Potassium metal polyphosphates, such as sodium tripolyphosphate
Lithium; nitrilotriacetic acid and its water-soluble salts; ether
Polycarboxylic acids such as carboxymethyloxysuccinate
Acid; alkali metal salts of oxydisuccinic acid and melitic acid;
Ethylenediaminetetraacetic acid; benzenepolycarbonate
Acids; citric acid, and U.S. Pat. Nos. 4,144,226 and
And polyaceta disclosed in No. 4,146,495
Carboxylate. Precipitant Builder
Specific examples include sodium orthophosphate, sodium carbonate
And sodium carbonate / calcite. Karsi
Various types of ion exchange builder
Water-insoluble crystalline or amorphous aluminosilicate
Zeolites are well known. Especially,
The composition of the present invention may be any of the organic or inorganic builders described above.
Desired, such as sodium tripolyphosphate or
Lium, sodium or potassium pyrophosphate, ol
Sodium or potassium triphosphate, sodium carbonate
Or sodium carbonate / calcite mixture, nitrilotri
Acetic acid sodium salt, sodium citrate, carboxy
Methyl malonate, carboxymethyloxysuccine
And water-insoluble crystalline or amorphous aluminosilicate
Or a mixture thereof. builder
Content is, for example, 5 to 80% by weight, preferably 10 to 6% by weight.
It can be 0% by weight. The detergent composition of the present invention comprises the aforementioned components
In addition to any common additives, these additives
Can be included in amounts commonly used in laundry detergent compositions. This
Examples of additives of the type include foaming enhancers such as alkanols
Amides, especially from palm kernel and coconut fatty acids
Derived monoethanolamide, defoamer such as phosphoric acid
Kill and silicone, anti-soil redeposition agent
Sodium or methyl methylcellulose
Substituted alkyl cellulose ethers, other stabilizers such as ethyl
Diamine amine tetraacetic acid and phosphonic acid derivatives (ie, D
request^(R)Type), fabric softener, inorganic salt
Sodium sulfate, and usually used in very small amounts
Fluorescent agents, fragrances, enzymes such as proteases, cellulases,
Lipase, amylase, oxidase, bactericide, coloring agent
And the like. Others that exhibit multifunctional properties in detergent compositions
Molecular weight as an optional, but highly desirable, additive
1,000 to 2,000,000 polymer materials are added to 0.
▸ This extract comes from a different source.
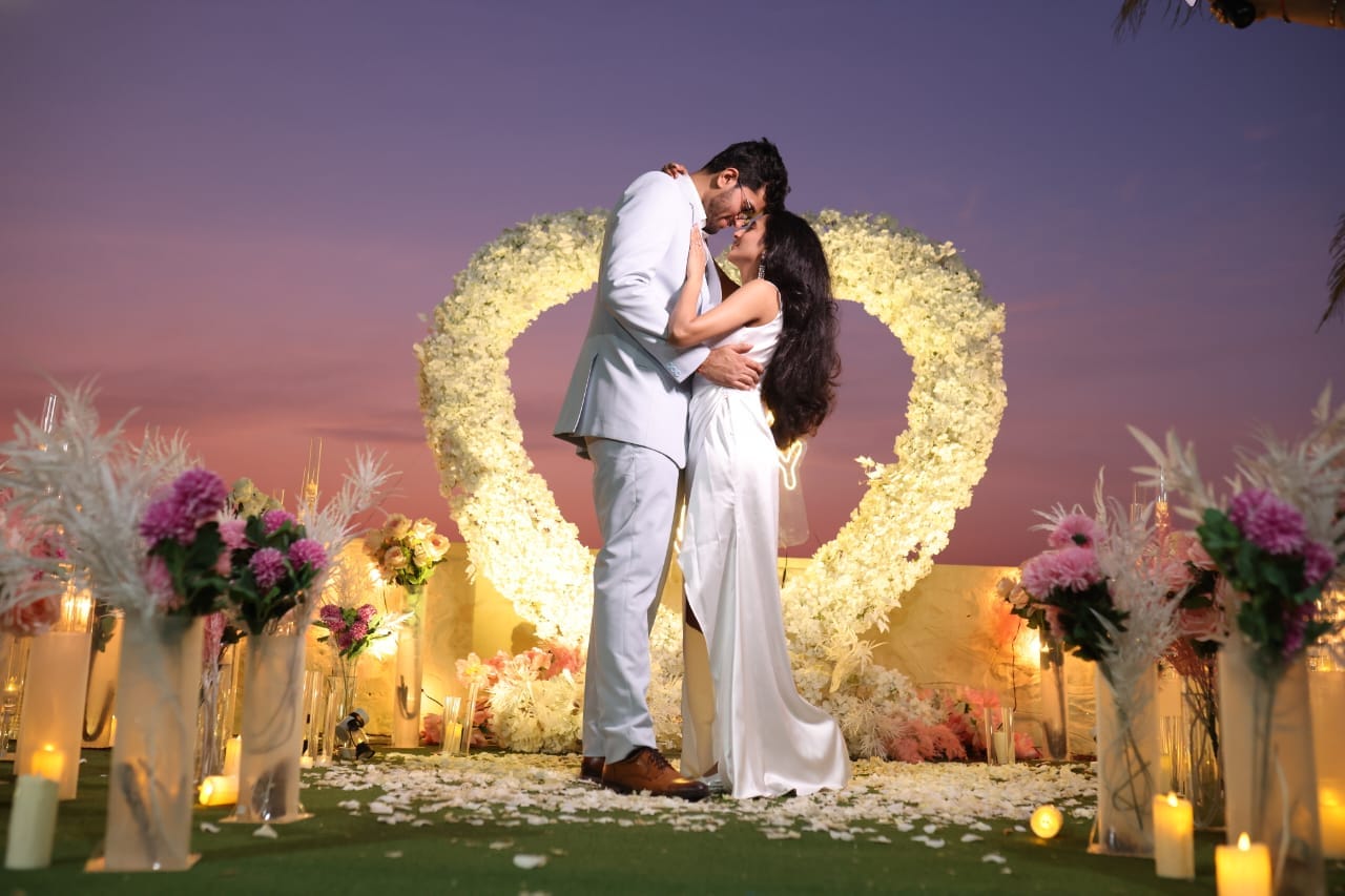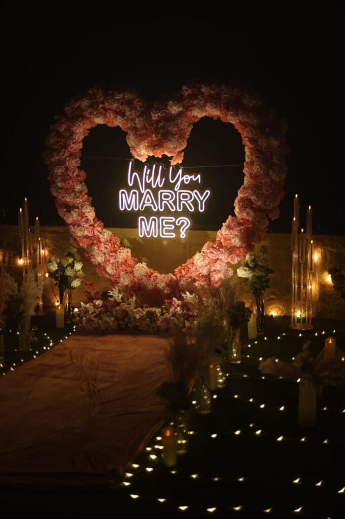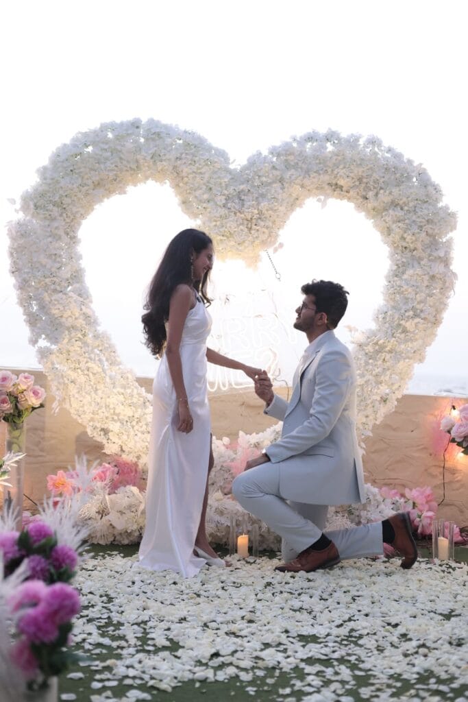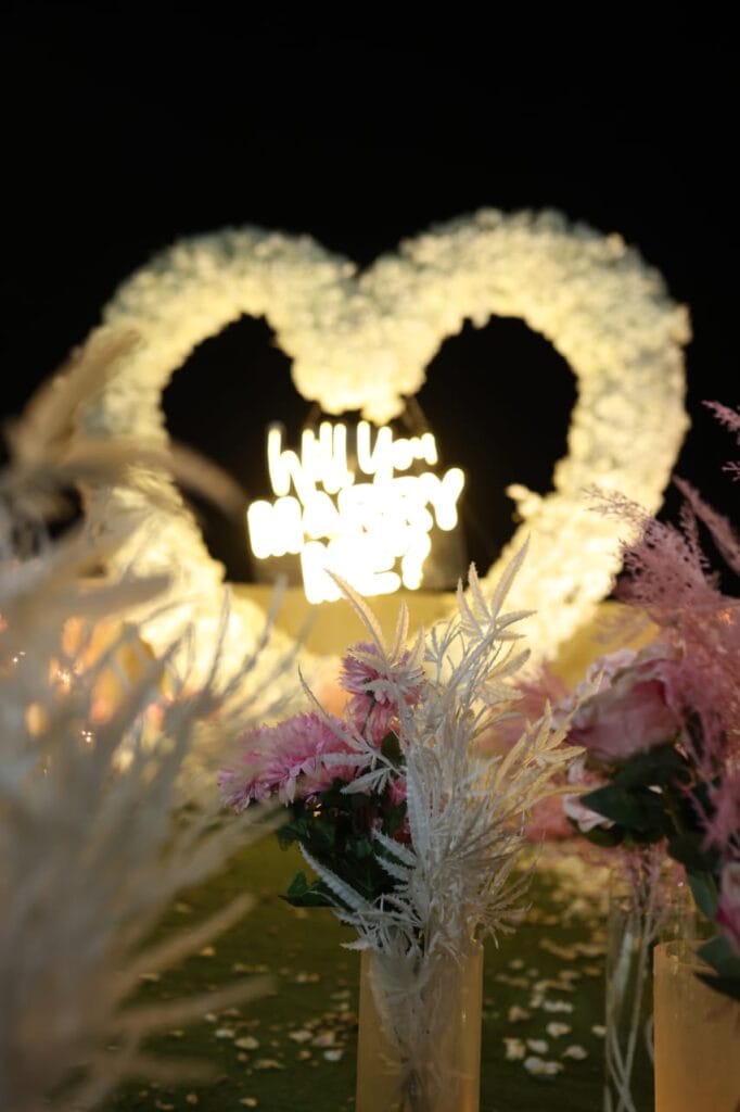 Discover 'Ocean of Love,' the quintessential beachside dinner date destination designed for romance. Nestled on a secluded stretch of sand, this intimate setup is decked in elegant red and white decor, with a grand heart-shaped floral backdrop and glowing 'Marry Me' LED letters setting a breathtaking scene. The exclusive sundowner spot, away from the crowds, offers a tranquil ambiance perfect for heartfelt proposals. Book 'Ocean of Love' now for a magical evening where the ocean whispers and love shines bright.

1 to about 5% by weight may be introduced. This polymer material is
Crilic acid, maleic acid or salts of these acids or anhydrous
Homopolymer or copolymer of vinyl pyrrolide
, Methyl vinyl ether, ethyl vinyl ether
And other polymerizable vinyl monomers. This kind of
Preferred specific examples of the polymer substance include polyacryl.
Acid or polyacrylate; polymaleic acid / acrylic
Acrylic acid copolymer; 70:30 acrylic acid / maleic acid
Droxyethyl copolymer; 1: 1 styrene / maleic
Acid copolymers; isobutylene / maleic acid and diisobut
Tylene / maleic acid copolymer; methyl vinyl ether
And ethyl vinyl ether / maleic acid copolymer;
Tylene / maleic acid copolymer; polyvinylpyrrolidone
And vinylpyrrolidone / maleic acid copolymers
Can be The detergent bleach composition of the present invention comprises exposed granules.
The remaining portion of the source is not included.